Carnap / 5 Antworten / Baumansicht Nickles

Ein Bekannter v. mir (ohne Internet) hat bereits Win 95 und NT installiert. NT bringt einen eigenen Bootmanager mit. Laut ct von heute kann dieser auch Linux boten. Was mir in dem Artikel aber nicht klargeworden ist: Braucht man dann bei de Linux-Installation (Suse 6.1) überhaupt noch Lilo? Ich meine, ist die Lilo-Installation optional, oder kann man auf den verzichten?
Hoffe, ihr könnt uns helfen.
lg
C (Carnap)

Antwort:
Lilo Installation ist in der Tat optional. Es gibt diverse Möglichkeiten Linux zu Booten:
Bootdiskette - Umständlich, fehleranfällig, langsam dafür sehr einfach zu haben.
Loadlin - Schnell, einfach, problemlos. Nachteil: Man muss zunächst immer DOS/Windows Booten bevor man Linux booten kann
NT-Bootmanager - Etwas umständliche Installation danach sehr einfach.
sonstiges - k.a.
j.
(jay)

Antwort:
Du kannst auf LILO verzichten, der NT-Bootmanager startet Linux sauber hoch.
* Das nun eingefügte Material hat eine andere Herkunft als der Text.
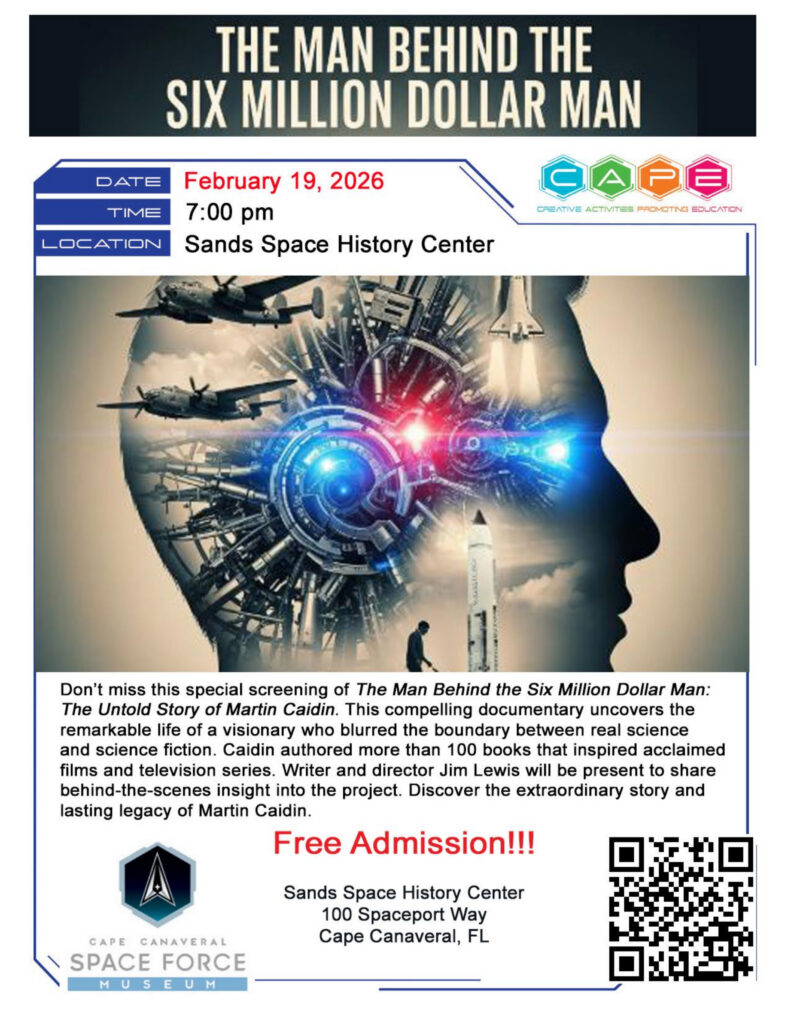 The CAPE Series offers fun, informative, and unique monthly events at the Sands Space History Center. CAPE stands for Creative Activities Promoting Education. It encompasses a wide array of events related in some way to the history of Cape Canaveral Space Force Station. All CAPE Series events are free and open to the public. Please feel free to contact us with any ideas you may have for future programs. Stay tuned to this site for updates on upcoming events. We look forward to seeing you soon. This is where history is launched!

Ich habe bei mir übrigens alle bootbaren Partitionen mit dem in c't erwähnten Programm bootpart in den NT-Bootmanager eingetragen, funktioniert hervorragend.
Gruß
benno
(benno)

Antwort:
Danke, werde den Artikel nocheinmal durchgehen...
lg
C
(Carnap)

Antwort:
Hello,
leider bin ich noch sehr jungfräulich, was Linux betrifft, bisher nur MS geeumelt.
Aber mein "BootMagic" von Powerquest verwaltet auf Platte 1 ->Win95c, WinNT4, Win98; auf Platte 2 -> Linux6.1, Win95b; und auf Platte 3 -> Dos6.22 und Win3.11 - und jede dieser primären Partitionen ist extrem sauber bootbar.
Allerdings müssen die FAT-Partitionen der Platten D und E mit einem anderen Programm mit einem Mausklick "aktiviert" (bootbar) werden.
Alles funktioniert prima!
Klaus
(Klaus)

Antwort:
Danke dir auch. Bootmagic habe ich ohnehin, möchte mir aber als Notbagel, wenns mit dem NT-Loader opder OS/2-Bootmanager nicht geht, auifbehalten.
(Ich weiß, es ist nur Eitekkeit, aber Bootmagic gefällt mir nicht 8-) )
lg
C
(Carnap)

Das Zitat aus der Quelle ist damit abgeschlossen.